Phosphorus is a common element in wastewater streams and traditional treatment processes are often designed remove it to achieve low effluent limits. Such processes often do not often consider the potential value of the nutrient. Currently, production of phosphate fertilizers has dramatically risen causing concern for the depletion of phosphate rock reserves, bringing about exploration into alternative sources of phosphorus for agricultural use. Combining the needs of phosphorus removal from wastewaters and securing alternate sources of the nutrient provide an opportunity for recovery. This project evaluated a nutrient recovery process through ion exchange with beneficial recovery as precipitated struvite using novel anion exchange media loaded with hydrated ferric oxide (HFO) and copper (Cu2+) known in literature as Dow-HFO-Cu. Previous work has not defined the exchange capacity of the media through multiple exchange cycles nor has it been tested in permeates from anaerobic membrane bioreactors (AnMBR). Batch tests were done to determine the exchange capacity of the Dow-HFO-Cu media using different regeneration solutions. Regeneration using less alkaline solutions (pH=11) provided the highest overall exchange capacity of phosphate (PO43-) through 5 ion exchange cycles, with a regeneration solution of 2% NaCl + 0.5% NaOH providing the highest overall recovery.

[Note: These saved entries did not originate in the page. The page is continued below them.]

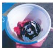
いろんなトッピングがあつて迷います。多様な「おもちパフェ」が完成。

「おもちパフェ」のほか、定番のきなこや砂糖醤油もあり、独居の高齢者の方にも振る舞われ、喜ばれていました。
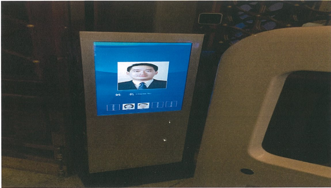
圖 10：識別證通過感應器後，螢幕上即會顯示佩帶人之資料照片，再由安全人員進行核對

過程中讓人印象最深的，莫過於維安的嚴謹。本次現場的安全檢查相當嚴格。除了比照機場的 X 光機、探測儀對手提行李及全身的安檢，進入各會議場地均須隨身配帶識別證，並有機器感應識別證，由安全人員就本人及顯示於安檢設備上之資料照片進行比對。而只要進出北京飯店，都要經過安檢，一旁則有荷槍實彈的武警站崗保護，看得出主辦單位對維安的重視。
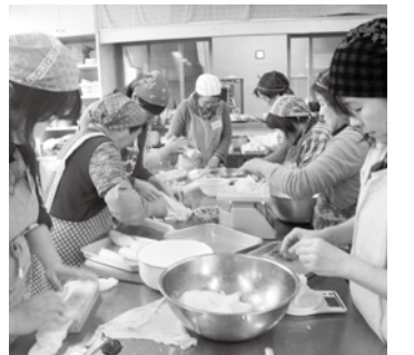
▲郷土料理の作り方を学ぶ
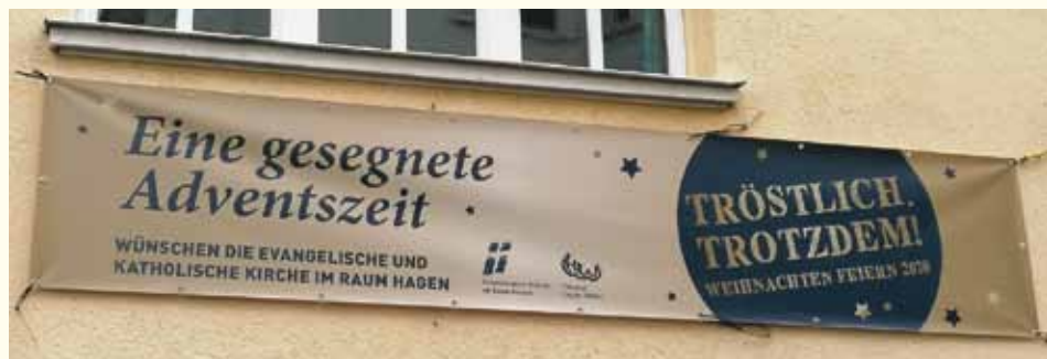
Evangelischer Kirchenkreis und katholisches Dekanat haben auf Bannern mit dem Motto „Tröstlich. Trotzdem!“ zu Advent und Weihnachten begrüßt.

Wir hoffen, dass die Infektionswerte so weit sinken, dass bald wieder Gottesdienste und Veranstaltungen mit Menschen stattfinden können.
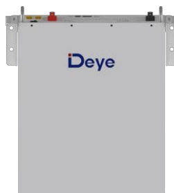
Montáž na stenu
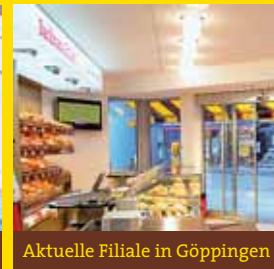
Aktuelle Filiale in Göppingen
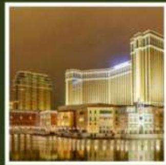
เดอะ เวเนเชียน

ฟูจิยามะ ทาวเวอร์ ขึ้นชมฟูจิจากสวนสนุกที่ไม่เหมือนใคร ชมไร่ชาโอบุจิชะชะบะ อันเลื่องชื่อ
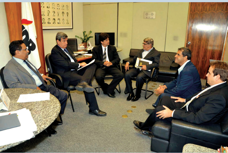
Parlamentares recebem lideranças farmacêuticas
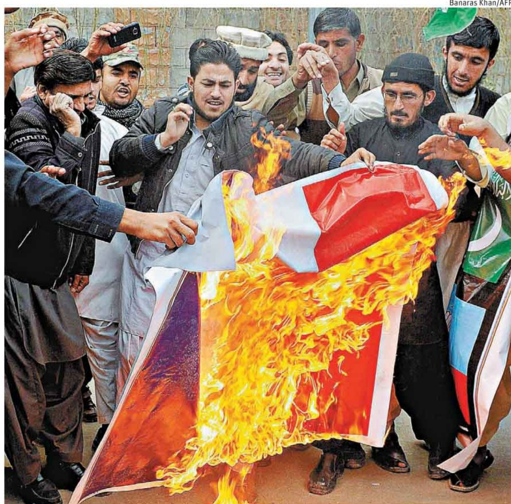
» ÓDIO Bandeira da França é queimada no Paquistão; ontem países de maioria islâmica protestaram contra a caricatura de Maomé na última edição do 'Charlie Hebdo' Mundo A8
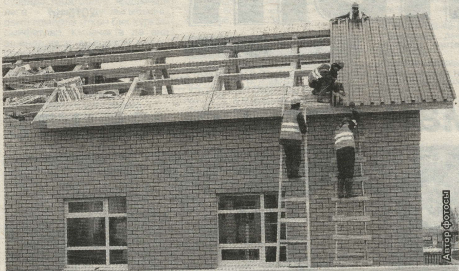
КАРАВЫЛ ТАВЫНДАГЫ МФЦда КЫЗУ ЭШ БАРА

Агымдагы елда районда күпфатирлы йортларны һәм мәгариф объектларын капитал ремонтлау программасы кысаларында 3 белем биру учреждениесе, 15 күпкатлы торак йортта ремонт эшләре бара. Моннан тыш, районда ике социаль-мәдәни объект – Каравыл Тавында күпфункцияле үзәк һәм шәһәрнең Төньяк-Көнчыгыш микрорайонында балалар бакчасын төзелеш килә. Элеге объектларда да ремонт һәм төзелеш эшләре ел башыннан бирле алып барыла.
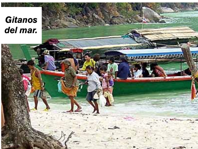
Gitanos del mar.

Para más seguridad, el nuevo poblado se está construyendo más lejos del mar.
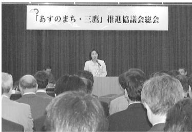
5月9日 三鷹産業プラザ
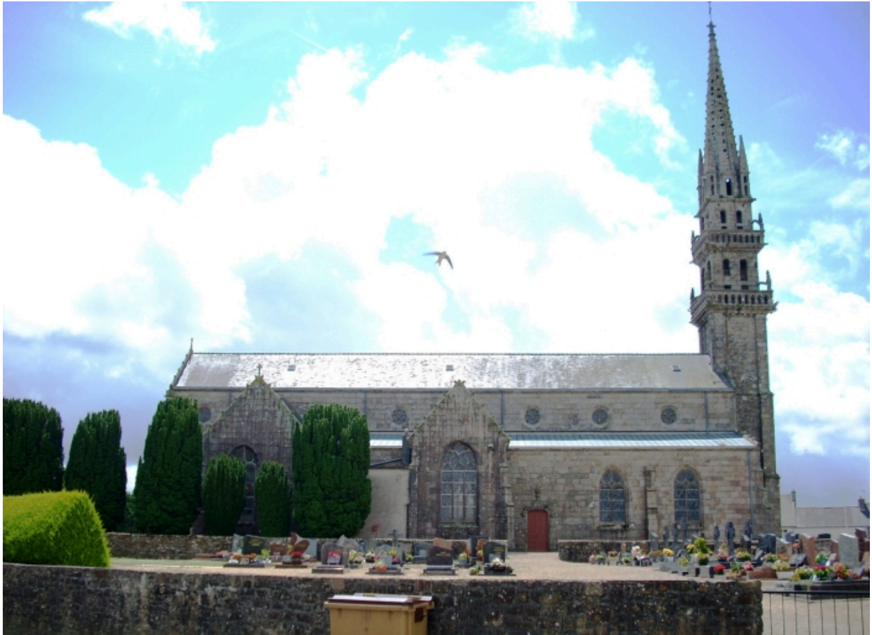
Plouneventer, église paroissiale Saint-Néventer : élévation nord

Column tests treating permeates from a lab-scale AnMBR were performed over 5 ion exchange cycles, resulting in exchange capacities of the Dow-HFO-Cu media to ranging from 1.6 to 2.8 mg PO4-P/g media. From the removed portion, recovery of PO4-P achieved 94% and 79% of the mass of PO4-P was recovered during regeneration for column tests using permeate from an anaerobic membrane bioreactor treating synthetic wastewater and real primary effluent, respectively. Ammonium (NH4+) ion exchange using the natural zeolite clinoptilolite in batch tests demonstrated that more dilute sodium chloride regenerant concentrations could achieve similar performance to higher concentration solutions. Column tests of NH4+ removal showed decreased performance compared to batch tests as influent wastewater characteristics such as organic matter likely reduced exchange capacity. Precipitation tests using the regeneration eluate from anion and cation columns produced low molar ratios of Mg:NH4:PO4 with the best resulting ratio of 0.8:0.1:0.9, suggesting that the recovered product may not be struvite.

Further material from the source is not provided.